Read a string from the input stream, into the array at c.

The remaining arguments limit how much to read: up to `len-1' characters, or up to (but not including) the first occurrence in the input of a particular delimiter character delim---newline (\n) by default. (Naturally, if the stream reaches end of file first, that too will terminate reading.)

If delim was present in the input, it remains available as if unread; to discard it instead, see iostream::getline.

get writes `\0' at the end of the string, regardless of which condition terminates the read.

Method: istream& istream::get (streambuf& sb [, char delim]): Read characters from the input stream and copy them on the streambuf object sb. Copying ends either just before the next instance of the delimiter character delim (newline \n by default), or when either stream ends. If delim was present in the input, it remains available as if unread.

Method: istream& istream::getline (charptr, int len [, char delim])

Read a line from the input stream, into the array at charptr. charptr may be any of three kinds of pointer: char*, unsigned char*, or signed char*.

The remaining arguments limit how much to read: up to (but not including) the first occurrence in the input of a line delimiter character delim---newline (\n) by default, or up to `len-1' characters (or to end of file, if that happens sooner).

If getline succeeds in reading a "full line", it also discards the trailing delimiter character from the input stream. (To preserve it as available input, see the similar form of iostream::get.)

If delim was not found before len characters or end of file, getline sets the ios::fail flag, as well as the ios::eof flag if appropriate.

getline writes a null character at the end of the string, regardless of which condition terminates the read.

Method: istream& istream::read (pointer, int len)

Read len bytes into the location at pointer, unless the input ends first.

pointer may be of type char*, void*, unsigned char*, or signed char*.

If the istream ends before reading len bytes, read sets the ios::fail flag.
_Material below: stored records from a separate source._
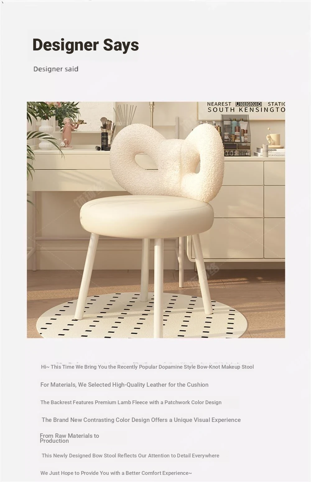 Luxury Rotating Makeup Chair for Home - Stylish Butterfly Stool with Backrest for Girls' Bedrooms, Perfect for Beauty and Nail Art, Trendy Design for Influencers
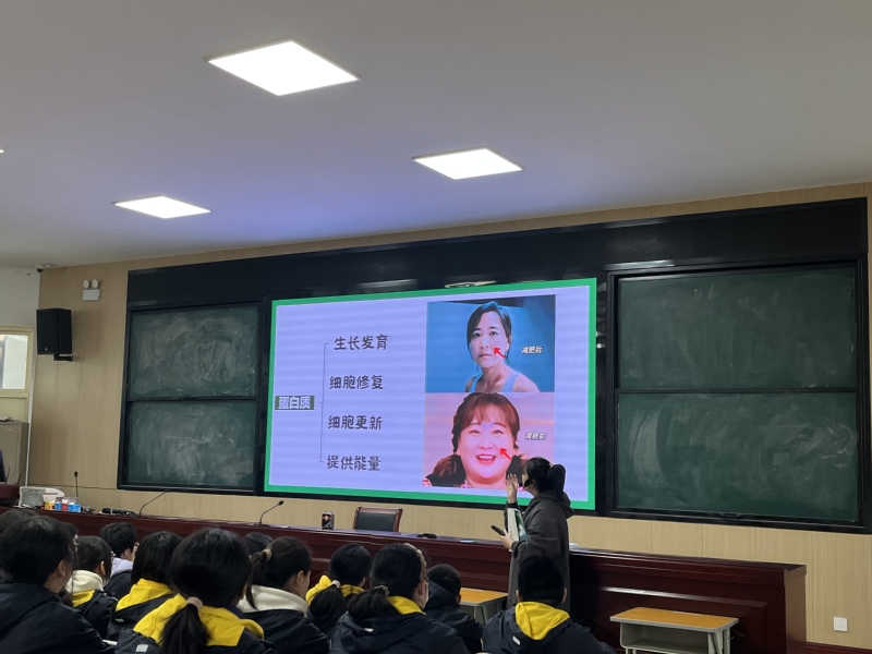 初一年级张乃淑老师在一号楼一楼进行了一次精彩的生物课展示。张老师以《食物中的营养物质》为题,通过新颖的材料,流畅的授课,丰富的活动等让学生了解了食物中的各种营养成分如糖类、蛋白质、脂肪等,并理解这些成分对人体的作用和影响,同时还了解了人体在缺乏一些无机盐或维生素时自身的健康会出现哪些问题。让学生以此为基础与实际生活相联系初步了解营养学知识。
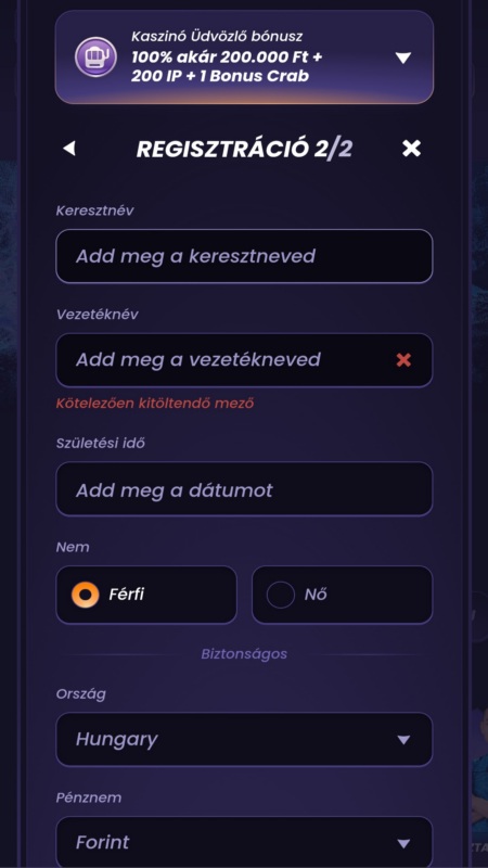 Regisztráció nélkül nincs játék, nincs bónusz, nincs kifizetés. De van jó hír: a folyamat tényleg egyszerű, és nem kér tőled semmi extrát, amit ne tudnál két perc alatt bepötyögni.

Method: istream& istream::gets (char **s [, char delim]): A GNU extension, to read an arbitrarily long string from the current input position to the next instance of the delim character (newline \n by default).
To permit reading a string of arbitrary length, gets allocates whatever memory is required. Notice that the first argument s is an address to record a character pointer, rather than the pointer itself.

Method: istream& istream::scan (const char *format ...): A GNU extension, similar to fscanf(file, format, ...). The format is a scanf-style format control string, which is used to read the variables in the remainder of the argument list from the istream.
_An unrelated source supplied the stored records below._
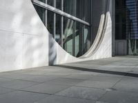 This image showcases the modern architecture and urban design of Berlin, Germany. The city's business district is characterized by sleek and concrete office buildings with glass facades. The white concrete structures create a sharp contrast against the clear blue sky. The image captures the lines, shadows, and reflections of the buildings, highlighting their unique structural elements. The open spaces and tiled roads are a key feature of the urban landscape. This photo represents the dynamic city life and the material properties of the architecture. It provides a visual depiction of Europe's urban design.
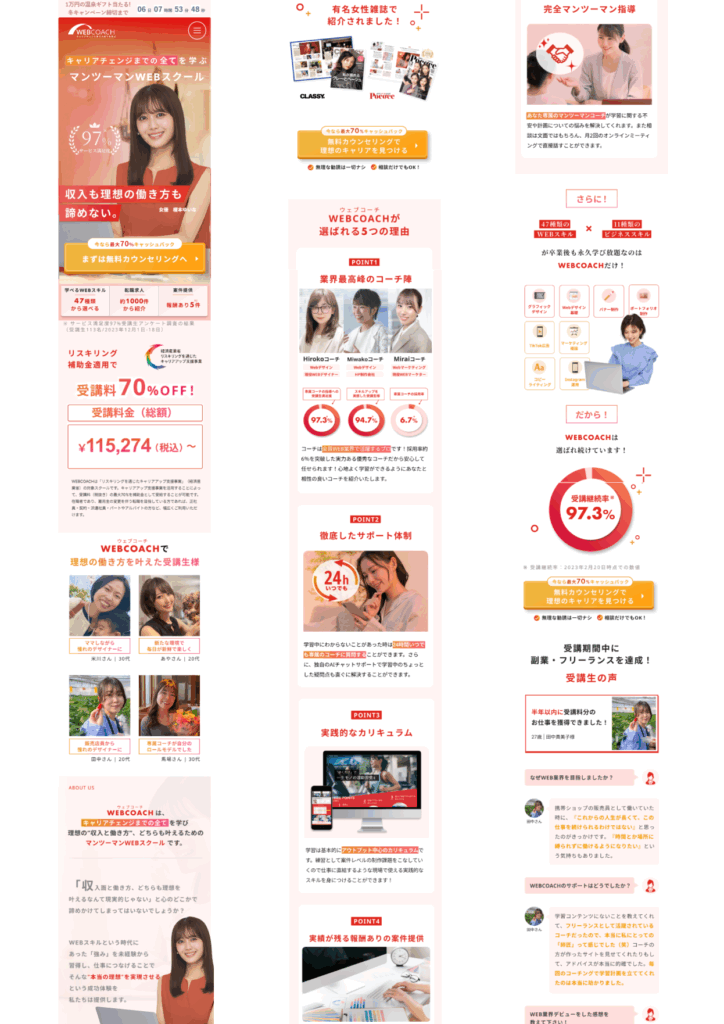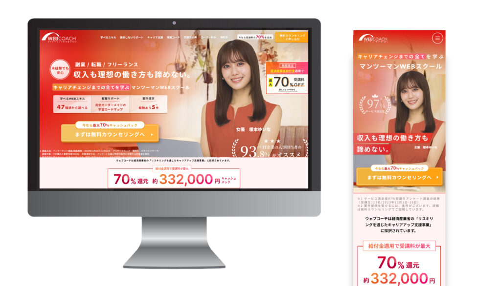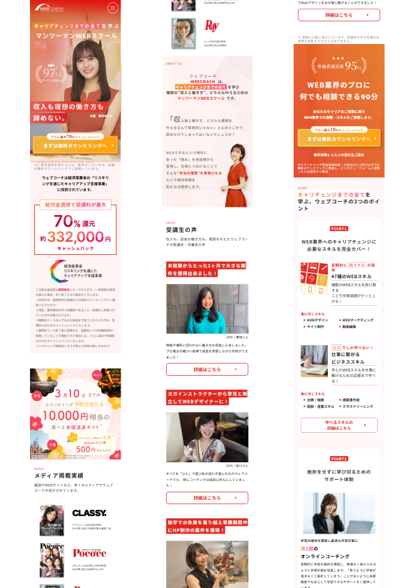ホームページ制作 2025年8月15日 Last updated : 2025年8月18日 Webcoach 【製作時間】20時間【使用ソフト】Wordpress・Photoshop・illustrator・Figma【担当業務】デザイン・実装【意識した亊】どのデバイスでみても見やすくなるようにレスポンシブデザインを行いました。
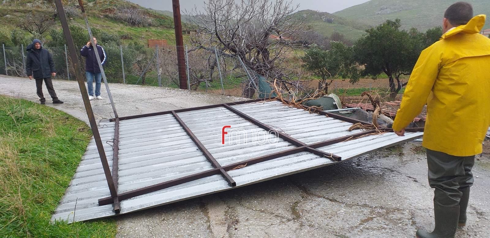 Οι μέχρι τώρα αναφορές κάνουν λόγο και για πολλές μάντρες, τις οποίες τις πήρε στην κυριολεξία ο δυνατός αέρας, ενώ εκτεταμένα προβλήματα υπάρχουν στο αγροτικό οδικό δίκτυο του νησιού.
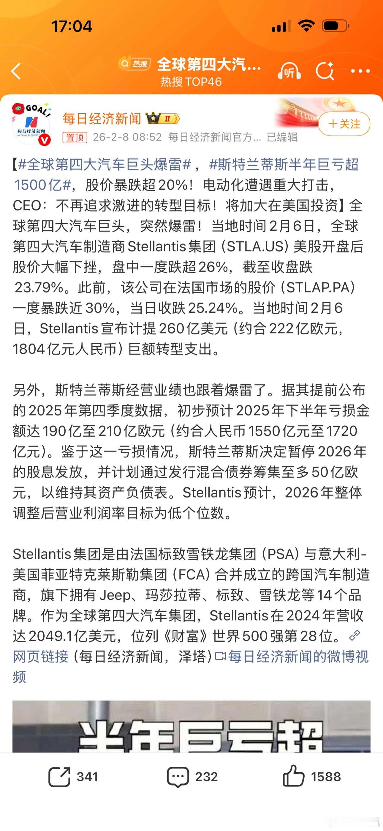 全球第四大汽车巨头爆雷Stellantis集团是由法国标致雪铁龙集团与意大利-美国菲亚特克莱斯勒集团合并成立的跨国汽车制造商,旗下拥有Jeep、玛莎拉蒂、标致、雪铁龙等14个品牌。作为全球第四大汽车集团,Stellantis在2024年营收达2049.1亿美元,位列《财富》世界500强第28位。半年亏损1500亿,看来大家的日子都不好过。所以要好好爱护这些车企

Method: istream& istream::vscan (const char *format, va_list args): Like istream::scan, but takes a single va_list argument.

Repositioning an `istream`

Use these methods to control the current input position:

Method: streampos istream::tellg (): Return the current read position, so that you can save it and return to it later with istream::seekg.

Method: istream& istream::seekg (streampos p): Reset the input pointer (if the input device permits it) to p, usually the result of an earlier call to istream::tellg.

Method: istream& istream::seekg (streamoff offset, ios::seek_dir ref)

Reset the input pointer (if the input device permits it) to offset characters from the beginning of the input, the current position, or the end of input. Specify how to interpret offset with one of these values for the second argument:

ios::beg: Interpret loc as an absolute offset from the beginning of the file.
ios::cur: Interpret loc as an offset relative to the current output position.
ios::end: Interpret loc as an offset from the current end of the output stream.

Miscellaneous `istream` utilities

Use these methods for housekeeping on istream objects:

Method: int istream::gcount (): Report how many characters were read from this istream in the last unformatted input operation.

Method: int istream::ipfx (int keepwhite)

Ensure that the istream object is ready for reading; check for errors and end of file and flush any tied stream. ipfx skips whitespace if you specify 0 as the keepwhite argument, and ios::skipws is set for this stream.

To avoid skipping whitespace (regardless of the skipws setting on the stream), use 1 as the argument.

Call istream::ipfx to simplify writing your own methods for reading istream objects.

Method: void istream::isfx (): A placeholder for compliance with the draft ANSI standard; this method does nothing whatever.
If you wish to write portable standard-conforming code on istream objects, call isfx after any operation that reads from an istream; if istream::ipfx has any special effects that must be cancelled when done, istream::isfx will cancel them.

Method: istream& istream::ignore ([int n] [, int delim])

Discard some number of characters pending input. The first optional argument n specifies how many characters to skip. The second optional argument delim specifies a "boundary" character: ignore returns immediately if this character appears in the input.

By default, delim is EOF; that is, if you do not specify a second argument, only the count n restricts how much to ignore (while input is still available).

If you do not specify how many characters to ignore, ignore returns after discarding only one character.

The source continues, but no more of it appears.